3 α-Synuclein: the culprit in Parkinson's disease?
α-Synuclein has been suspected to play a central role in the pathophysiology of PD since 1997, when the A53T mutation was identified in the large Italian–American Contursi kindred and in three unrelated kindreds of Greek origin as the first causative gene alteration responsible for an autosomal-dominantly-inherited parkinsonian syndrome [19]. A second (A30P) and, more recently a third missense mutation (E46K) were subsequently identified in the α-synuclein gene [20,21]. These point mutations, which account for only a small number of cases with autosomal dominant PD, are associated with a clinical phenotype similar to idiopathic PD, although with an earlier age at onset, a more rapid disease progression and atypical clinical signs. Elevated levels of normal α-synuclein might be a more frequent cause of disease, as suggested by the discovery of duplications and triplications of a genomic region including the α-synuclein gene and leading to autosomal dominant PD in the absence of any other α-synuclein gene mutation [22–24,118]. Remarkably, the severity of the parkinsonian phenotype appears to correlate with the number of supernumerary copies of the α-synuclein gene, three of which cause a phenotype indistinguishable from idiopathic PD, whereas four copies lead to Parkinsonism with severe disease progression and atypical clinical features. Although these findings should be regarded with caution – the reported genomic alterations involve a region containing 17 additional genes that could also be implicated in the disease – they imply that impaired metabolism of normal α-synuclein, known to accumulate massively in LBs, could be the primary cause of neurodegeneration in idiopathic PD. Furthermore, this discovery provides an explanation for the intriguing observation that the over-expression of normal human α-synuclein in Drosophila and rodents by means of transgenesis or viral vector-mediated gene delivery can lead to dopaminergic neurodegeneration [25–29].

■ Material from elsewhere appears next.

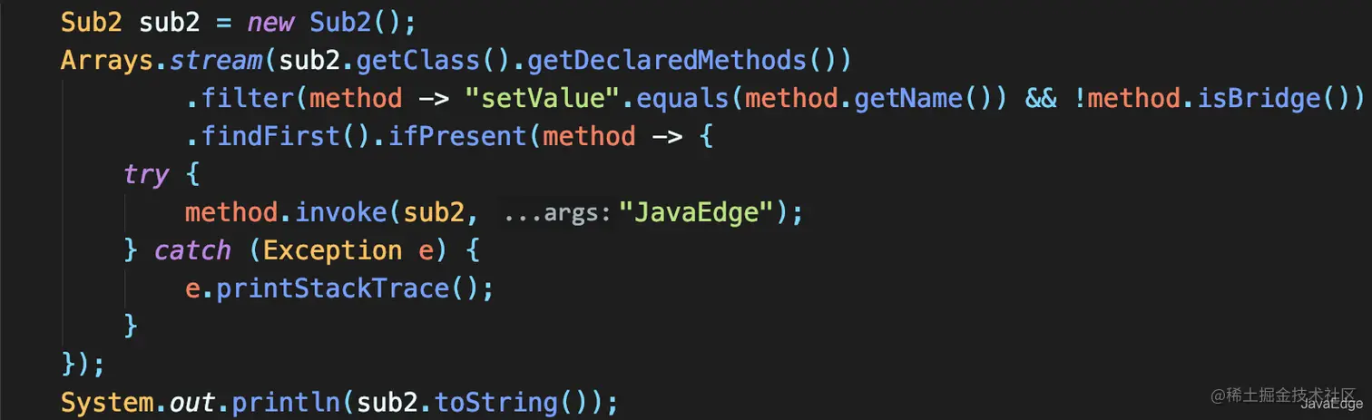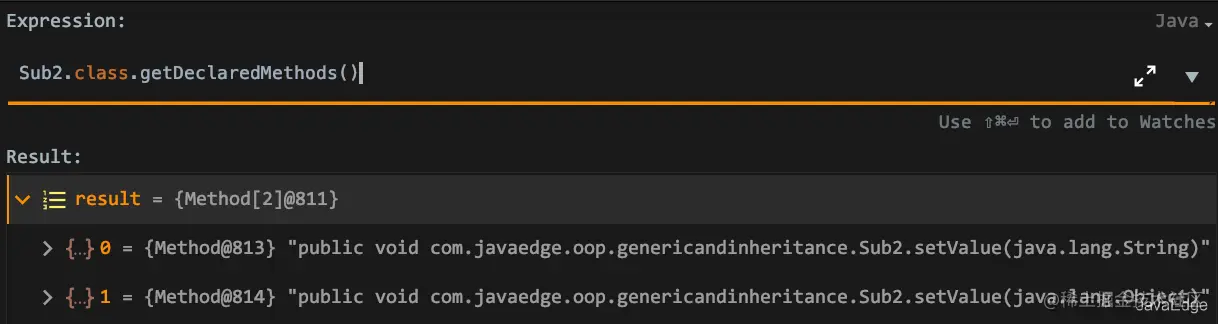 - 通过getDeclaredMethods获取所有方法后,还得加上非isBridge这个过滤条件:

The reasons why normal or altered α-synuclein are selectively toxic for nigral dopaminergic neurons are probably diverse, involving both a loss of function by α-synuclein sequestered in protein aggregates and a toxic gain of function by oligomerized and/or fibrillar α-synuclein. α-Synuclein has been reported to negatively regulate the activity of tyrosine hydroxylase by maintaining the protein in the dephosphorylated inactive form, thus modulating dopamine biosynthesis in catecholaminergic neurons [30]. In addition, α-synuclein was proposed to negatively regulate the function of the dopamine transporter in dopaminergic nerve terminals by controlling the amount of the transporter at the plasma membrane [31]. Alteration of α-synuclein by disease-causing mutations, its oligomerisation or its sequestration in LBs in PD might reduce the amount of soluble functional protein available, leading to the partial loss of the above-mentioned modulatory effects and to the abnormal increase in intracellular synaptic dopamine concentrations. In the absence of compensatory mechanisms allowing efficient uptake and storage of excessive dopamine in synaptic vesicles, these changes could create favourable conditions for the production of deleterious reactive oxygen species generated by the intraneuronal metabolism and the auto-oxidation of dopamine [32].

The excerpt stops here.